Олег остановил бег, вперившись в лицо радонежского игумена, вслушиваясь в его речь:
– Отроком был я малым, и ещё по велению Ивана Данилыча Калиты, когда Кочева с Миной зорили Ростов, не обошли и наш двор боярский. Окроме ордынского серебра даром, почитай, забрали, изволочили с ругательством оружие, порты, узорочье... Драгоценную бронь отцову, которой и цены не было, за так взял боярин московский Мина. С того мы, утеряв имение своё, и перебрались в Радонеж. Всю мужицкую работу попервости сами творили. Рубить хоромы, лес возить, косить, пахать, сеять, чеботарить - всё приходило деяти! И ныне я, княже, благодарен научению тому. Ведаю, почём смердам достаётся хлеб, и умею его беречь!
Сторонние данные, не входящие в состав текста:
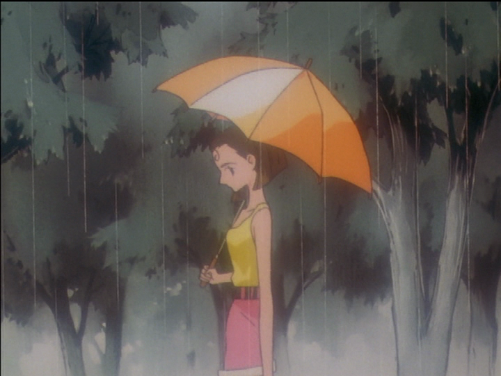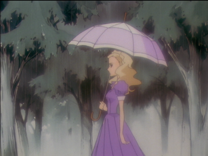 The nightgown is Juri’s only purely girlish outfit. Her other costumes have trousers and are at least partly boyish. She shows male power to the world, but at night she is herself and accepts her appointed sex role—and/or Akio’s power is greater at night. She wears the nightgown in episode 7 when she meets Utena by the water, and in episode 28 when she sees Ruka and Shiori together. She wears the shawl in both cases—both are outside. After seeing Ruka and Shiori, she goes inside and sits without the shawl. The shawl can point to the emotional coldness she feels in the outside world.

– Смирил себя. Что ж! По Христовой Заповеди подставил иную щёку для заушения... Но у нас с Дмитрием был договор по Любви. Я поверил ему, как брату. Принимал ли ты, инок, заушения от ближних твоих?
– Принимал!
– сказал Сергий.
– От родного брата своего, его же чтил, яко учителя себе и старейшего, в отца место.
– И где ж он теперь?!
– почти выкрикнул Олег.
– Живёт со мной в монастыре.
– А в пору ту?..
– В пору ту, княже, я, услышав хулы, исшёл вон из обители, не сказав ни слова. И основал другую. И жил там, дондеже паки созвали меня соборно назад, в обитель на Маковец, о чём просил меня такожде и владыка Алексий... И брата своего, что мыслил уйти вон, я умолил остатися в обители, дабы владыка зла не поимел радости в братней остуде.
Олег дёрнулся высказать нечто, может, иную хулу. Смолчал, глядя на старца, который говорил негромко и твёрдо, глядя вдаль времени.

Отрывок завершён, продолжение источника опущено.